During the trip to the Whitney, a group of seniors also went to the Chelsea galleries to get the most out of our New York City experience. Amongst the many galleries that we went to, the pieces of Nancy Graves, called Nancy Graves at the Ameringer, McEnery and Yohe gallery still sticks in my mind. Upon entering the gallery, all that I saw were little splashes of color in odd arrangements. This, unlike some pieces where huge pieces were on display, enticed me to come take a closer look. Being a color lover, it was interesting to see such vibrant colors in sculptural form, accented by the white walls. This gallery displayed bronze pieces in a variety of organic and manufactured items which were welded together and then painted with rich and color patinas which are oxide coatings. These pieces are designed to defy gravity and generate a balance from their imbalance. This tilting and shifting of perspective was enjoyable in its imperfection and the way that they were uplifting and, despite their metal material, did not seem extremely solid. The colors were pure and playful and form not representational. In fact, I did not even see a need to interpret a more recognizable shape onto them, but just saw them as they were.

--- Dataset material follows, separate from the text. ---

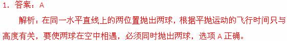 (2013四川自贡一诊)在同一水平直线上的两位置分别沿同方向水平抛出两个小球A 和B,其运动轨迹如右图所示,不计空气阻力.要使两球在空中相遇,则必须 ( )

The piece shown above, simply titled Untitled, was not only exhibited well, but embodied the “balance by imbalance” best for me. All of the pieces were sitting on small white blocks protruding from the wall near eye level so all of the pieces were straightforward. Because of the height of this piece, it seemed to tower over me, dangerously, since it seemed to curve. The colors on all of the pieces were like paintings and were enhanced, not inhibited by the 3D shape of the sculpture. Not only was I attracted to the colors, but there seemed to be more and more details to see in the bronze itself, just like how plaster holds the shape of the tiniest detail in the mold.
Upon researching more about Nancy Graves, I realized that she also has paintings which are 3 dimensional, her description including that her “…works represent Graves’ continuing exploration of the tensions that exist between painting and sculpture, as well as her juxtaposition of real and fabricated imagery drawn from nature, art history, and western and oriental cultures…” She has also produced work in film, costume design, glass, polyoptics in addition to welding, painting and sculpture. Her vast experience in world cultures and her interest in reality and artificiality in pushing the boundaries of art and knowledge of techniques are things that I want to explore.